The tool has been presented to senior analytical leads at Department of Health, and next steps will include detecting cost-related patterns.
Reproducible analytical pipeline
Laura Selby from DfE looked at tools and techniques for simplifying the process of producing statistical reports for the Department. The current semi-manual process is slow and complicated, and the end product - commonly a PDF - doesn’t always meet user needs. Laura aimed to use a new approach, using tidyverse in R to produce a high quality end product in the form of an HTML document (for external audiences) and a Shiny dashboard (for internal audiences).
This project has provided DfE with a functioning example of the use of automation and reproducibility. Next steps include discussions with GOV.UK on how this method could be used for HTML publication.
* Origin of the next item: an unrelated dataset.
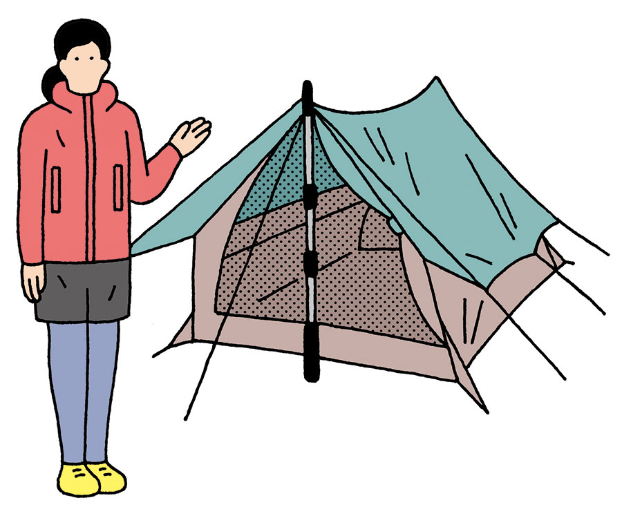 ただ、そのぶん密閉性は低いため、そこが気になる人はツエルトがいいだろう。いずれもトレッキングポールを支柱にして設営するのでコツはいるが、慣れれば設営も撤収もラクチン。

Automation of object detection from satellite imagery
Catherine Seale attended from UK Hydrographic Office (UKHO). The UKHO is a global marine geospatial information provider, and the charting authority for over 80 countries. The aim of this project was to improve knowledge of offshore infrastructure worldwide (such as oil rigs and wind turbines), to reduce the risk of collisions (and associated human and environmental disasters), and to automate the currently manual data capture process.
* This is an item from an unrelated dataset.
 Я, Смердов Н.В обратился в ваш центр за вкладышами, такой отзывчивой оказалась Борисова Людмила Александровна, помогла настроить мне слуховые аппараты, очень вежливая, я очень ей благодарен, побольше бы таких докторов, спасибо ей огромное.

Using synthetic aperture radar imagery, Catherine applied image processing and computer vision techniques in Python to process open-source satellite imagery.
The outcome of the project is a working tool which successfully detects marine objects, and she is taking it further by using machine learning to add a classifier to label the detected objects.
If you would like to know more about the Accelerator please email us.
Comment by Tony Hirst posted on
Is there a github repo anywhere where you collect examples of code produced as part of the Data Science Accelerator program?